MP of 15th Lok Sabha
- In office 25 May 2009 – 26 May 2014
- Preceded by: Kamla Prasad Rawat
- Succeeded by: Priyanka Singh Rawat
- Constituency: Barabanki (Uttar Pradesh)

Personal details
- Born: 23 January 1945 (age 81) Salhawas, Punjab, British India (now in Haryana, India)
- Party: Indian National Congress
- Spouse: Indira Punia
- Children: 3 including Tanuj Punia
- Alma mater: Panjab University (M.A.) Lucknow University (Ph.D.)
- Website: https://plpunia.blogspot.com/

= P. L. Punia =

Indian politician

Panna Lal Punia, usually known as P. L. Punia, (born 23 January 1945) is an Indian politician and former Member of the Rajya Sabha from Uttar Pradesh from 2014 till 2020. He is a Dalit leader of the Indian National Congress.

In July 2012, Punia appeared on the popular TV show Satyamev Jayate, hosted by Bollywood star Aamir Khan, to raise awareness of discrimination against scheduled castes.

==Early life, career and family==
He was born on 23 January 1945 to Bharat Singh and Dakhan Devi in the Jhajjar district of the Punjab region (now Haryana), British India.

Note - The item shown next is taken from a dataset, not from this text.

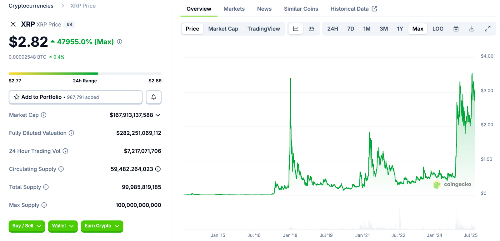 XRP’s all-time high was around $3.65, reached in July 2025.

He took an M.A. from Panjab University, Chandigarh and a PhD from Lucknow University, Uttar Pradesh. In 1970 he joined the Indian Administrative Service (IAS), becoming District magistrate in Aligarh during 1982–85.

P. L. Punia is married to Indira Punia and they have 3 children. Their son Tanuj Punia is a graduate (B.Tech) from IIT Roorkee and has been involved in social work since 2007. He contested the 2017 Uttar Pradesh election as a Congress candidate in Zaidpur and came runner-up. He has become a spokesperson of the Indian National Congress since then. In 2024 he became a Member of Parliament from Barabanki Lok Sabha Constituency. He defeated Rajrani Rawat of the Bharatiya Janata Party by a margin of over 2 lakh votes.

==Political life==
Punia began his career as a civil servant in the Indian Administrative Service (IAS), serving in the Uttar Pradesh cadre. During his tenure, he worked closely with several Chief Ministers, including Mayawati, and gained experience in governance and public administration. After taking voluntary retirement, Punia entered active politics and joined the Congress Party.

He was a member of the Lok Sabha from 2009 to 2014 and represented Barabanki (Lok Sabha constituency). in Uttar Pradesh and later served as a Member of the Rajya Sabha. He was also chairperson of the National Commission for Scheduled Castes between 2013 and 2016 and as such sat ex officio on the National Human Rights Commission (NHRC).